When it comes to the telescopes we review, our editorial board (which is comprised entirely of astronomers) make unbiased judgments. Please keep in mind that our performance rating system on this page is completely unrelated to any kind of monetary gain.
Celestron has marketed a fork-mounted 8” Schmidt-Cassegrain Telescope, or a C8, since the 1970s. Since then, they have gone through many changes, and the CPC800 is one of the more recent variants. The CPC 800 is a high-resolution 8” telescope with a computerized “Go-To” mount. It can be used in altitude-azimuth (up, down, and all around) mode, or in polar-aligned equatorial mode, and it will track the rotation of the sky in both configurations. The CPC 800 is a very good planetary telescope, capable of easily reaching high magnifications, and it has enough aperture to be useful for deep-sky-object observing as well. The computerized functionality allows it to easily slew to any position in the sky, and it has a built-in catalogue of many objects, both deep-sky-objects and solar system objects. It can probably point at more things than it can usefully show. Because of its long focal length, it struggles to fit in especially large Deep-Sky-Objects--you won’t be able to even view the entire Pleiades unless you use very wide-field eyepieces and an upgraded 2” Star Diagonal.

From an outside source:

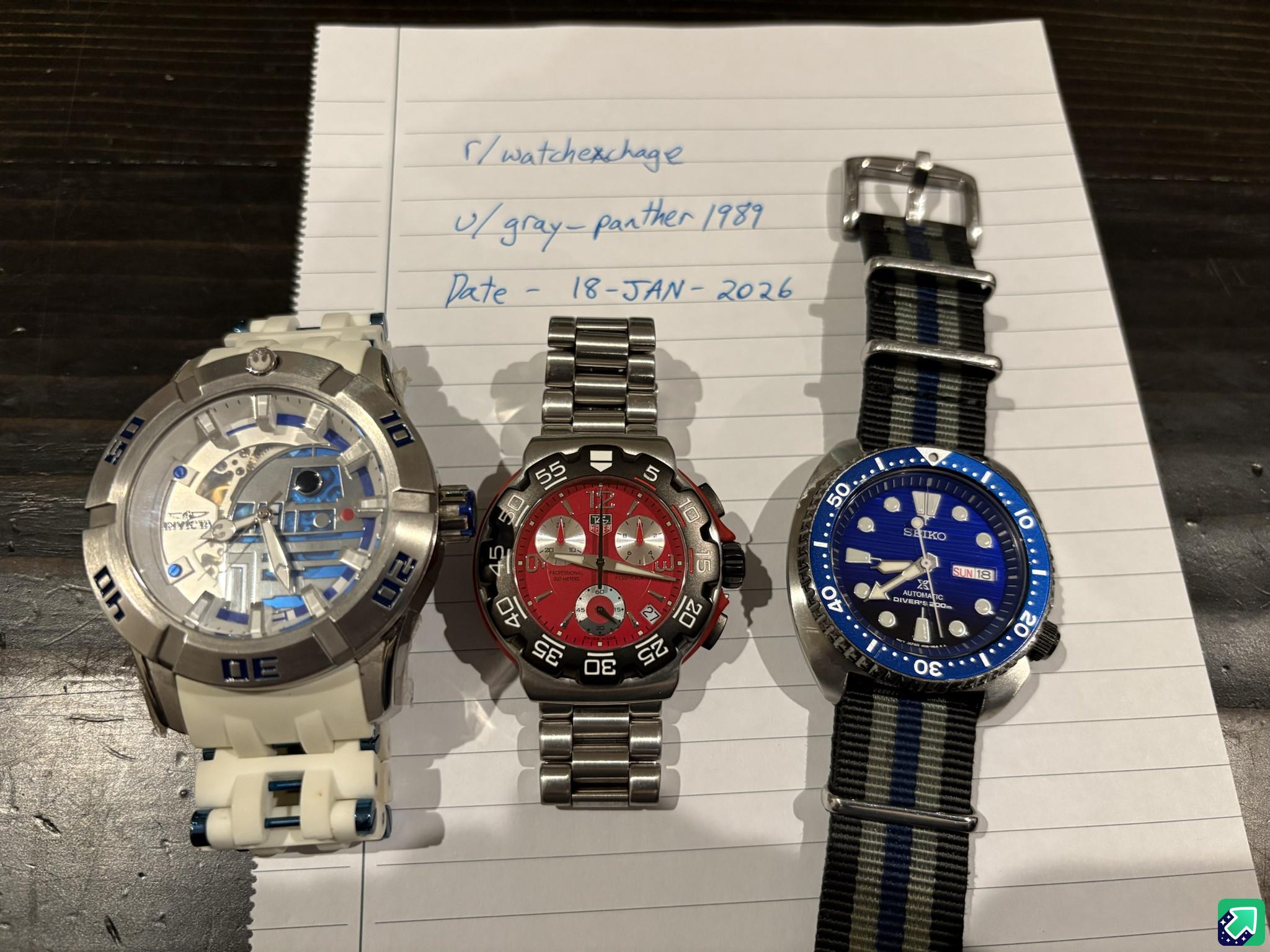Hi r/WatchExchange! Full Album: [https://imgur.com/a/ANMQ6nL](https://imgur.com/a/ANMQ6nL) Tag Heuer CAC1112: Condition : Used In Very Good Condition With Little Wear and Marks, Check the pics watch running and keeping good time Case Size: Watch diameter 41 mm Movement: Quartz Case Material: Stainless Steel Bracelet Size: 7.25" wrist, additional 2 links Price: $875 Shipped CONUS B&P: Box and traveling case only Seiko SRPC91: Condition : Used In Good Condition With Little Wear and Marks, original rubber strap is unused, Check the pics watch running and keeping good time (less than 8s variation on my wrist) Case Size: Watch diameter 44 mm Movement: Automatic 4R-36 Case Material: Stainless Steel Bracelet Size: Unused original rubber strap Price: $275 Shipped CONUS B&P: Full set, box and papers included Invicta 26553 R2-D2: Condition : Used In Excellent Condition, Check the pics watch running and keeping good time Case Size: Watch diameter 50 mm Movement: Automatic G2665Z Case Material: Stainless Steel/Polyurethane Bracelet Size: 7.25" wrist, additional 1 link Price: $200 Shipped CONUS B&P: None, shipped with Omega traveling case Sold 3 pieces on Chrono24 with positive feedback, which were a Tag Heuer CAZ2012.BA0970, Omega Aqua Terra 38.5mm white horizontal teak, and latest was a Grand Seiko SBGH273

The CPC 800 unit I have evaluated is used for public outreach at GTCC’s Cline Observatory in Jamestown, North Carolina, where the ability to find arbitrary objects very quickly comes in handy. However, whether a Go-To telescope really makes sense for you depends upon your observing style. In my opinion, finding objects manually using a Dobsonian reflector is more fun and engaging, especially when it comes to dim objects. There is a certain ‘thrill of the hunt’ that Go-To telescopes lack, and though it can be frustrating on occasion when you just can’t figure out a manual star-hop, the CPC800 replaces that with the occasional frustration of computer misalignment and other electronics issues. Reading star charts, or a book on star-hopping, is generally more fun and engaging than staring at a hand controller, or reading a manual or troubleshooting guides.
8/10: Very good, but not the best
Score Breakdown (out of 5)
Moon & Planets: 5
Rich Field: 2
Ease of use: 3
Read our scoring methodology here.
The CPC800 has a few notable competitors in the field of 8 inch Schmidt-Cassegrains, even from Celestron itself. Celestron’s NexStar 8SE is considerably cheaper, however its mount is grossly undersized and shaky. Celestron’s Evolution 8 is a cheaper telescope on a lighter but still plenty stable single-fork-arm mount.
Meade’s 8” LX200 and LX90 lines are the equivalent series of fork-mounted Schmidt-Cassegrains and have always been direct competitors. They generally have feature parity--high quality optics and go-to electronics.
If you’re not sure if you’d really want Go-To computerization and you are looking for a visual-only telescope, seriously consider an 8” Dobsonian. Or even a 10”, 12”, or 14”--Dobsonians are so much cheaper than SCTs that for the same or similar price you can get some pretty enormous telescopes, and the CPC800 is bulky enough that the weight of a Big Dob shouldn’t be any more intimidating. And consider--the optical tube of the CPC800 might be very small, but the actual floor space it takes up is larger than a big dob, due to the tripod.
The CPC800 is a usable telescope. Excellent optics, and the occasional frustrations of computer glitches are rarely mission critical. It’s not especially easy to learn how to use--you can be star-hopping with a Dobsonian in minutes, but most of my fellow Observatory volunteers seem to be too intimidated or frustrated by the CPC800 to use it. I prefer to use a Dobsonian, but in a public outreach context, the instant go-to is very useful.
An 8” SCT can be a very powerful planetary imaging tool, and it’s technically possible to do deep-sky-imaging too (though it’s far more technical due to the long exposures necessary).
It’s not the best at what it does, but it is good at what it does. I can’t quite wholeheartedly recommend it, I like Dobsonians too much, but I can’t condemn it either. The computer glitches seem to be something which accumulates with age, and apparently there are ways of resetting the controllers to fix some of the glitches. But having the chance of dealing with bugs in the observing field is always a frustrating prospect. That’s more of a condemnation of go-to telescopes in general than the CPC800 in particular.